Keeping Everyone Informed

photo windmill field sunflowers

Photo by Gustavo Quepon via Unsplash.

My last two posts about sustainability communications and what sustainability is have sparked a lot of offline conversations. I’m glad to see that you’re all as intrigued by this as I’ve been.

The most common questions that arise? What do you need to communicate? And who are you communicating to? There are several answers, but I’ll do a quick overview of each.

Setting Policies

Policies are at the core of any company’s sustainability efforts. For most companies, these policies fall within the overall code of conduct that employees must abide by. But many are moving towards individual and more detailed policies regarding diversity, human rights, and labor rights, as well as donations and charitable giving. Together, they address the company’s overall commitment to sustainability.

Internal Communications

This ties into the policies and expectations mentioned above. Employees are expected to meet a set of expectations, and internal communications reinforce that message to build understanding and engagement.

One area of internal communications could include posters or badge stickers that reinforce key messages from the code of conduct and related policies. This provides a continual reminder of the company’s commitment to meeting certain goals, and can also provide resources for whistleblower lines for reporting non-compliance.

Internal communications is also responsible for demonstrating how the company is meeting those targets. For example, if the company goals included using 100% renewable energy, and 50% recycled materials by 2020, an annual or quarterly report would show the progress towards those goals.
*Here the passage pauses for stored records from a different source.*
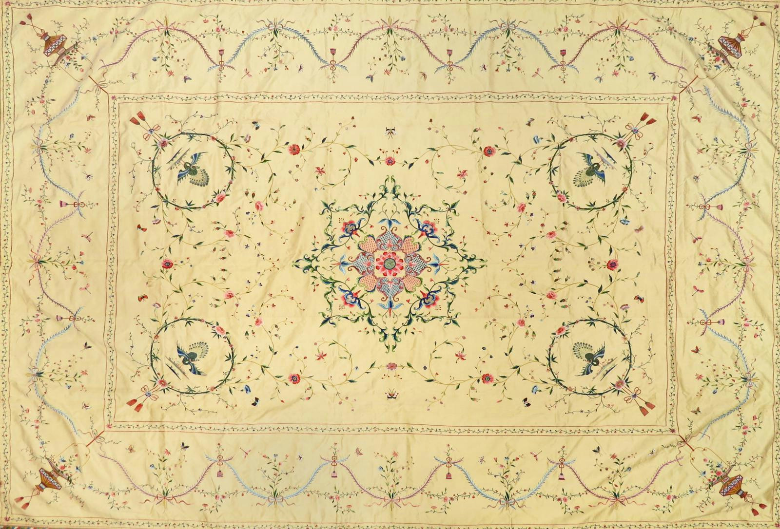A pale yellow Indian silk embroidered panel 19th century, decorated with a central stylized motif and four circular panels containing peacocks, the border with leafy festoons and hanging lanterns, 240cm x 184cm.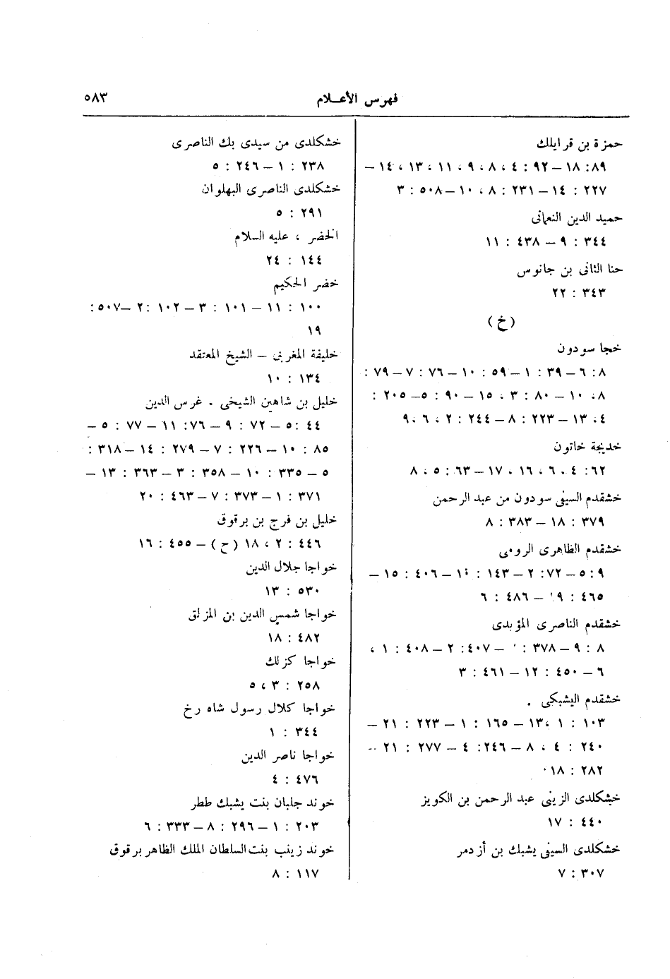 خشقدم الظاهرى الرومى 9: 5- 72: 2- 143: 10- 406: 15- 465: 19- 486: 6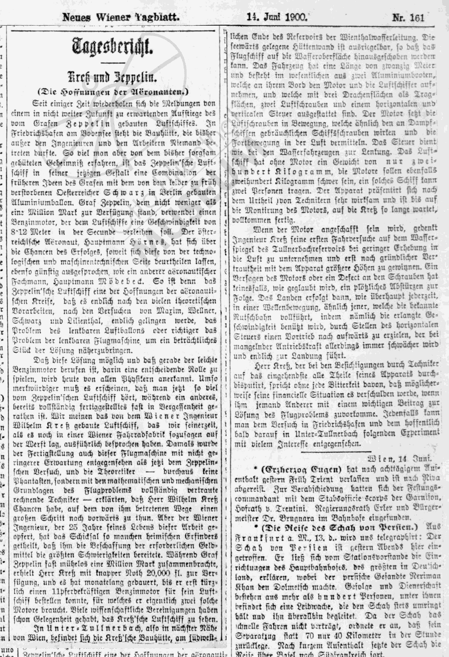 "Herr Kreß [...] spricht ohne Bitterkeit davon, daß möglicherweise seine financielle Situation es verschulden werde, wenn ihm jemand Anderer mit einem wichtigen Beitrag zur Lösung des Flugproblems zuvorkomme. Jedenfalls kann man dem Versuch in Friedrichshafen und dem hoffentlich bald darauf in Unter-Tullnerbach folgenden Experiment mit vielem Interesse entgegensehen."

We see sustainability-themed marketing all the time: 100% organic! Made from 85% recycled materials! But how do companies tell a bigger story about their sustainability efforts? Even if you’re not a fan of the food, most people know about the Chipotle Food With Integrity story. Why? Because the message is communicated on chip bags and drink cups that their customers read while eating. They’ve done an excellent job of making sustainability and local sourcing a large part of their marketing.

Ikea has a comprehensive People and Planet initiative. Not only have their products shifted to sustainable textiles and wood, and energy-efficient lighting, they also have a foundation that invests large sums of money into climate action initiatives. And they’ve done an excellent job with their sustainability communications, as you can see from their 2016 report.


While the marketing department is telling the story of the sustainability initiative, the investor community wants to see hard numbers. This is where companies present data, analysis, and explanations about how their efforts are not cost centers, but wise business choices that improve both the planet and the company’s bottom line.

Investors expect companies to take leading roles in sustainability, even in the absence of government regulation. Sustainable companies have a stronger market position for the future, mitigating supply chain volatility caused by natural disasters, limited resources, or price fluctuations.

Bringing It All Together

These are complicated topics that have legal implications (policies); require an engaging, not heavy-handed tone (internal communications); resonate with customers (marketing); and deliver the data and analysis that show business leadership (investors).

What’s the common thread in all of this? Communications. Companies need to invest in strong sustainability communications plans that serve the needs of all constituents.